Elsewhere in the Act, organizations are required to conduct risk assessments, analyze vulnerabilities, and implement measures to prevent the unauthorized access, disclosure, or theft of personal data. The failure to go through these processes can result in regulatory fines even if no data breaches result from the lack of compliance, and several other laws are now taking a lack of compliance more seriously – CCPA for example allowing the Californian Attorney General to fine organizations that fail to “implement and maintain reasonable security procedures” even if no harm occurs.

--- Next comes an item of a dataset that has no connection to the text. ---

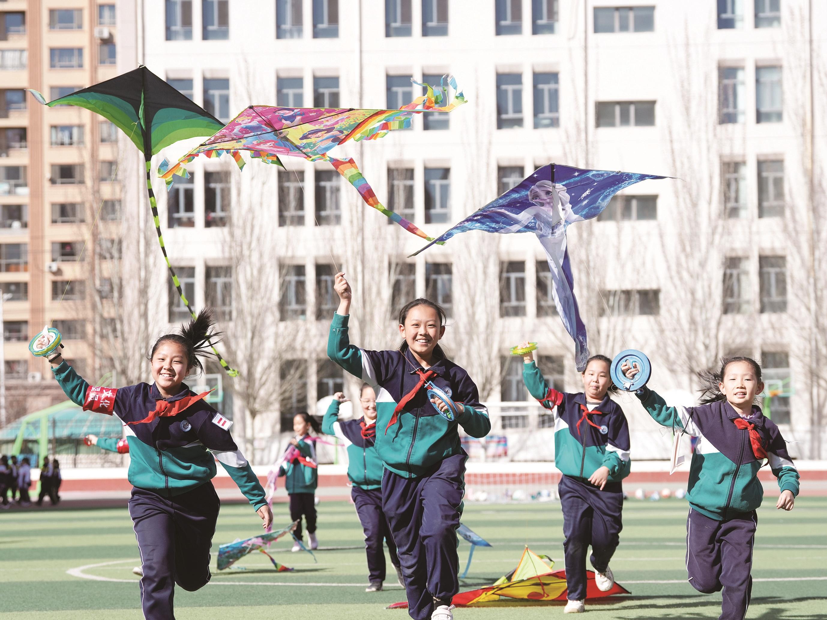 春光和煦,内蒙古科技大学实验小学的操场上热闹非凡。湛蓝天空下,纸鸢高飞。孩子们手中紧握着风筝线,奔跑着、欢笑着,脸上洋溢着开心与幸福的笑容,同时感受着春光的温暖与美好。记者 李强 摄

Password and Password Management Best Practices

Even if your organization is not subject to state or industry-specific password regulatory compliance, it is likely at some stage there will be a federal or state law that requires you to review how data is protected and implement security best practices where necessary. Because it is better to protect data sooner rather than later, it is a good idea to implement these password and password management best practices to protect any data the organization collects, processes, stores, or shares.

Always use strong and unique passwords

As seen above, it only takes a few seconds to crack weak passwords, and brute force algorithms are getting smarter all the time. Develop policies requiring passwords to have a minimum of twelve characters, and enforce the policies using a password manager. Some password managers have a capability that can identify re-used passwords and those that may have been compromised in a phishing attack. Take advantage of these whenever possible.

Enforce MFA and biometric controls on mobile devices

Multi Factor Authentication (MFA) doubles the level of protection you have on business accounts and is one of the best ways to mitigate the risk from phishing. However, MFA is not so good at preventing data theft from lost or stolen mobile devices because the One Time Password (OTP) is usually sent to the mobile device in the form of an SMS. Therefore, it is a password management best practice to enforce fingerprint and facial ID controls on mobile devices.

Use a password manager with cross platform synchronization

Password managers with cross-platform synchronization enforces password best practices regardless of the device being used to access an organization´s account. Already an important capability due to BYOD policies, the importance of cross-platform synchronization increased during the COVID-19 crisis due to so many employees working from home. If your organization plans to continue with remote working, cross-platform synchronization is a must.

When employees leave, retire their passwords

Finally, when employees leave, the risk exists they may try to log back into an organization´s account to poach clients, steal data, or deploy malware. Therefore, it is not only a best practice to retire their passwords as soon as they leave, but also to reduce the number of accounts they have access to prior to their departure and the permissions they have within authorized accounts in order to mitigate the risk of data being stolen by a disgruntled employee while they work out their notice.